**Task requirements:**
Whenever the word "Dayton" shows up in a line of the data, copy that line.

Collected data:
· · ·

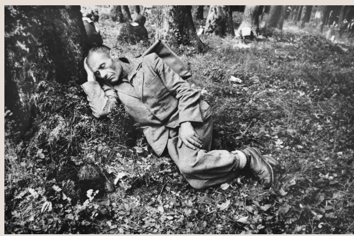
Sleeping Pilgrim. Levoca, Slovakia. 1968
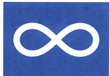
Metis Nation flag
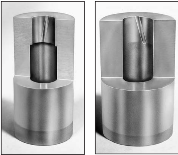
Dayton's slug control method is available on all matrixes: tapered and counterbored.

The advantage of Dayton's Slug Control system over other methods is that it is guaranteed .
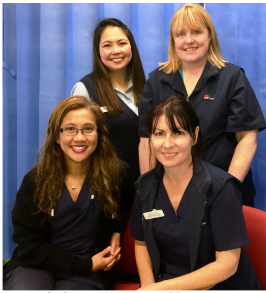
St George Hospital — PD nurses
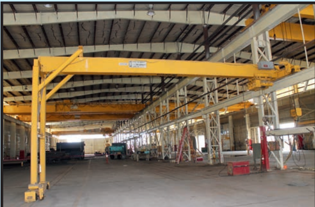
OMI 5 T. X 46'-5-3/4" SPAN SINGLE LEG GANTRY CRANE SYSTEM
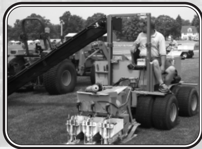
WATERWICK SLICE AND FILL; THE VIERSMA COMPANIES
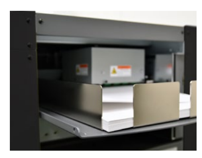
Patented Tri-suction Feeder

Cleaning and maintenance are important to keep oreal ining and maintenance and finishing quality. The AeroCut nano Max has quick-release rollers and components. Even if paper is jammed, this feature assists quick recovery.
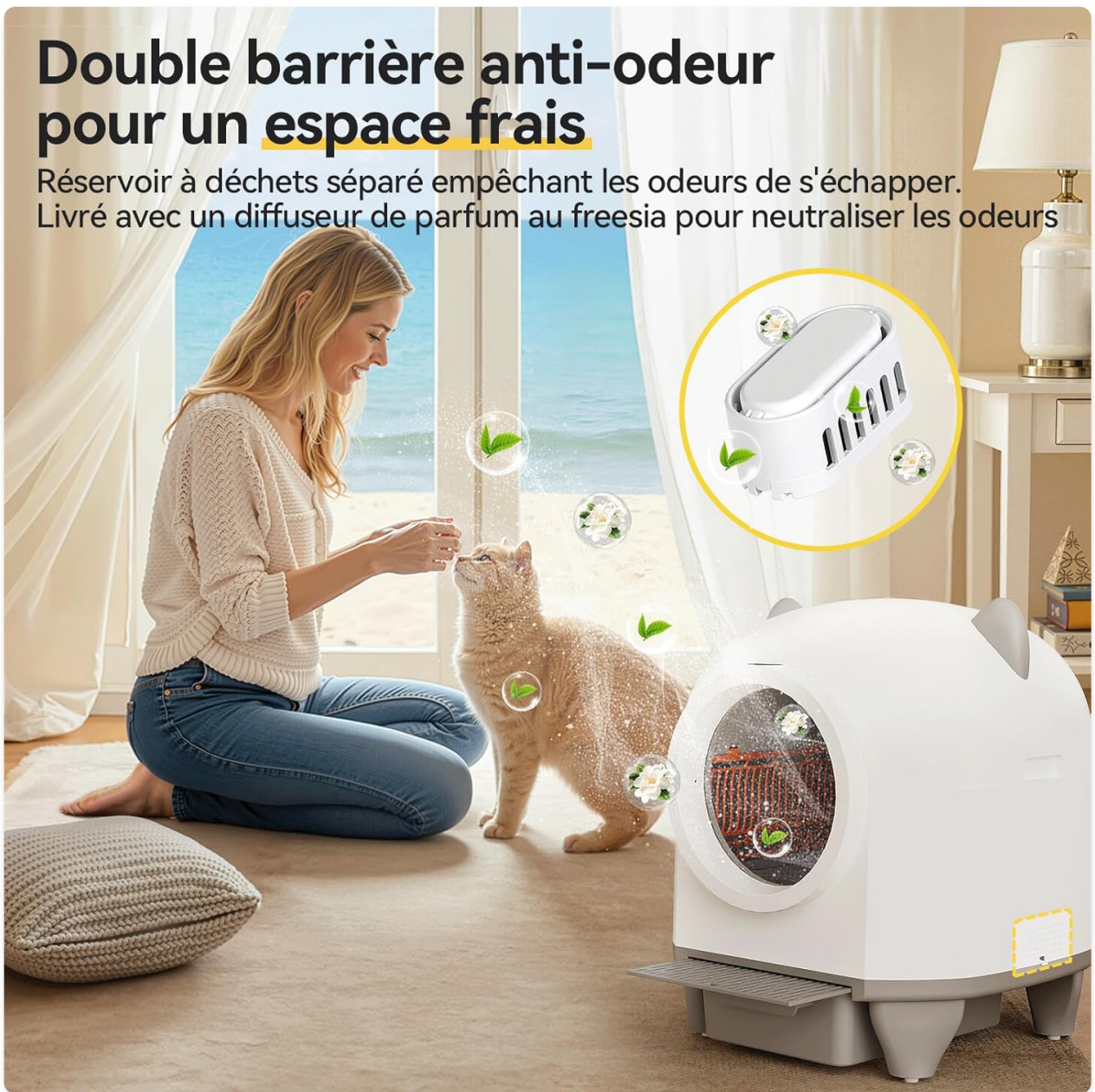
Image: Visual representation of the odor control system, highlighting the sealed waste bin and scent filter.

Réservoir à déchets séparé empêchant les odeurs de s'échapper. Livré avec un diffuseur de parfum au freesia pour neutraliser les odeurs
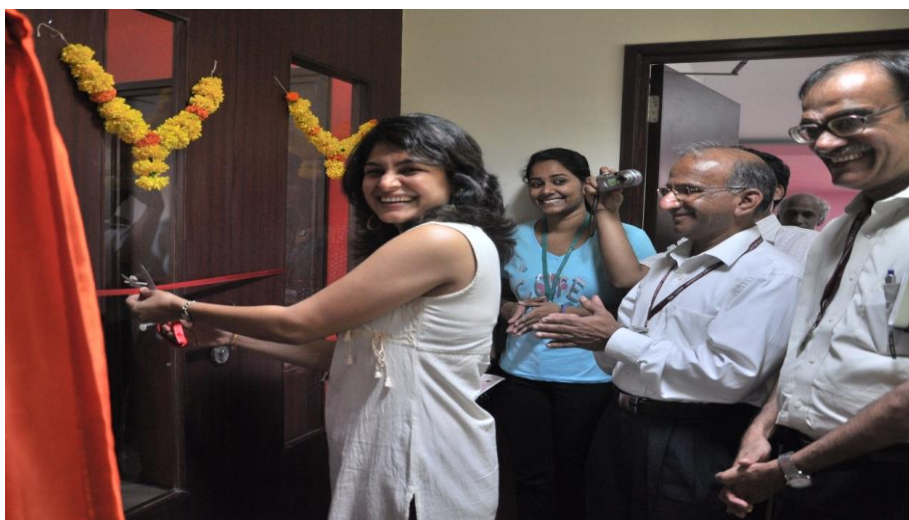
Inauguration of the Student Support Centre.

· · ·

**Task result:**
Dayton's slug control method is available on all matrixes: tapered and counterbored.
The advantage of Dayton's Slug Control system over other methods is that it is guaranteed .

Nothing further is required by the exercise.